**Material to process:**
+ + + + + + +

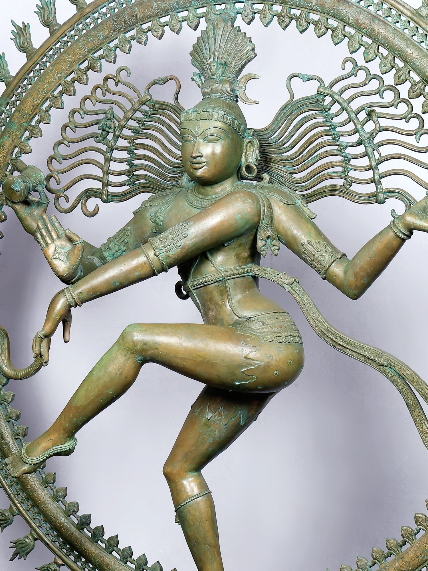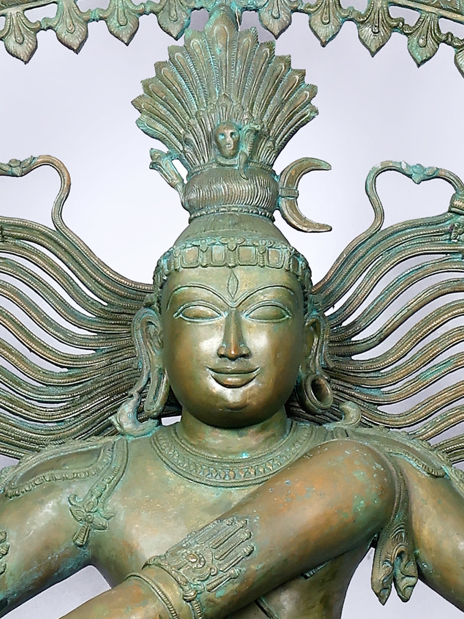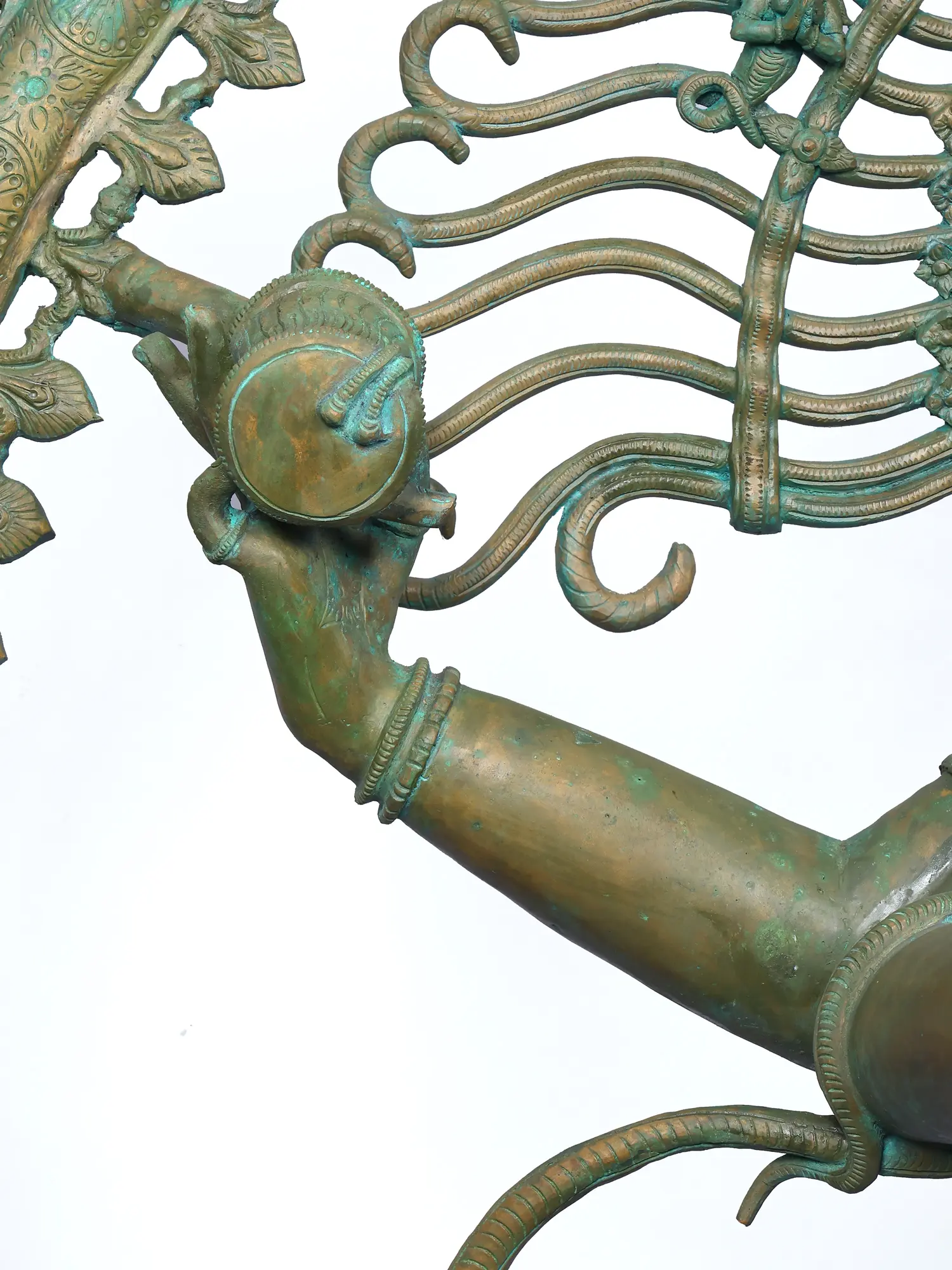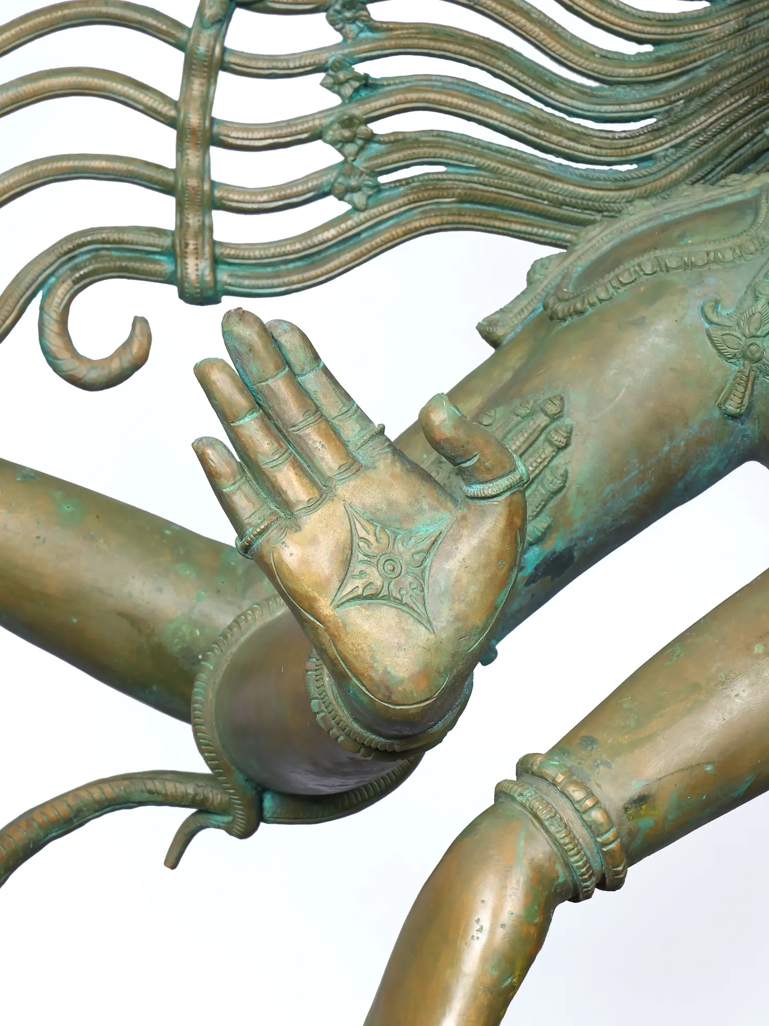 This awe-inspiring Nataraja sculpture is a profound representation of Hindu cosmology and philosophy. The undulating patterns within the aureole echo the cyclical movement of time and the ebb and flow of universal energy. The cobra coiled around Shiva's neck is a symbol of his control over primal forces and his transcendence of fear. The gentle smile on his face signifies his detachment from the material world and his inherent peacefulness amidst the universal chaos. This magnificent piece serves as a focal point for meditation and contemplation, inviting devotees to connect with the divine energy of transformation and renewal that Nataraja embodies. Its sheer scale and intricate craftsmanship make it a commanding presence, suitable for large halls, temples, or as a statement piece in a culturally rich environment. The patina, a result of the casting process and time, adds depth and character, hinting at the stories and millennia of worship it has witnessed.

+ + + + + + +

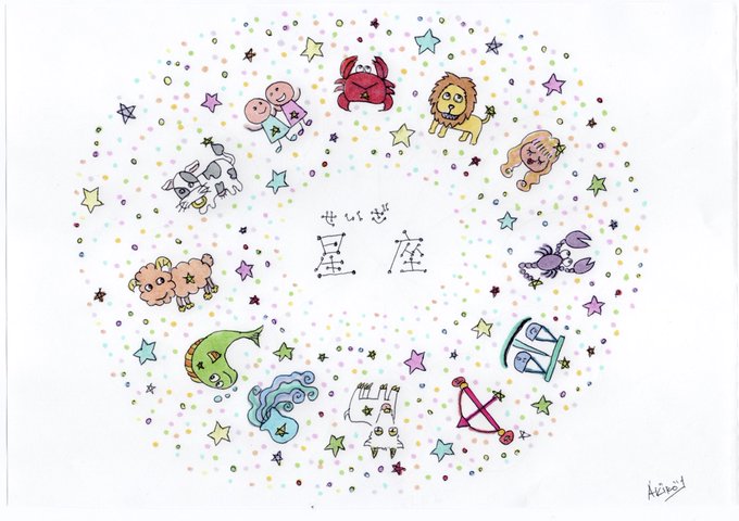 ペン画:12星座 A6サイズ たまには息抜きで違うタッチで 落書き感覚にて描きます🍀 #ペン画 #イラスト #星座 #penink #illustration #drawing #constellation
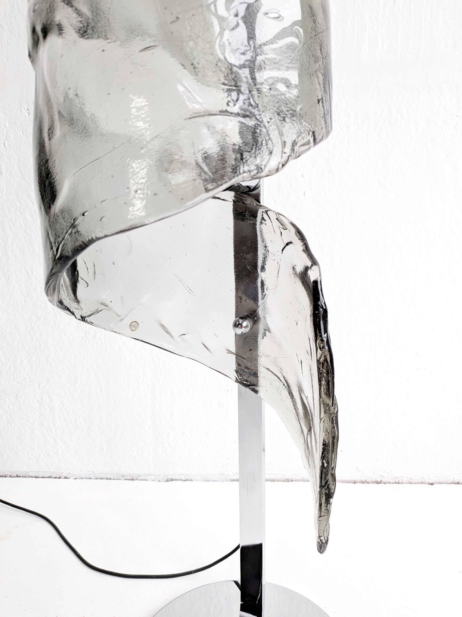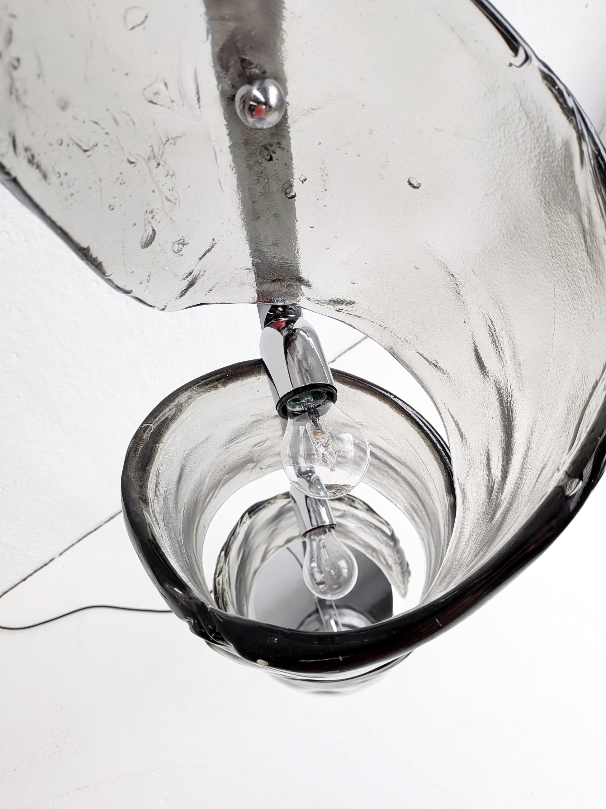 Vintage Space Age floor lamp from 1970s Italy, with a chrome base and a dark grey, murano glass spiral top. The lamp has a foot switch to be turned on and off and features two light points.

+ + + + + + +

**Exercise prompt:**
Take the material above and output only the lines from the one that contains "ペン画:12星座 A6サイズ たまには息抜きで違うタッチで" through the one that contains "Vintage Space Age", ends included and images left out.

**The answer:**
 ペン画:12星座 A6サイズ たまには息抜きで違うタッチで 落書き感覚にて描きます🍀 #ペン画 #イラスト #星座 #penink #illustration #drawing #constellation
 Vintage Space Age floor lamp from 1970s Italy, with a chrome base and a dark grey, murano glass spiral top. The lamp has a foot switch to be turned on and off and features two light points.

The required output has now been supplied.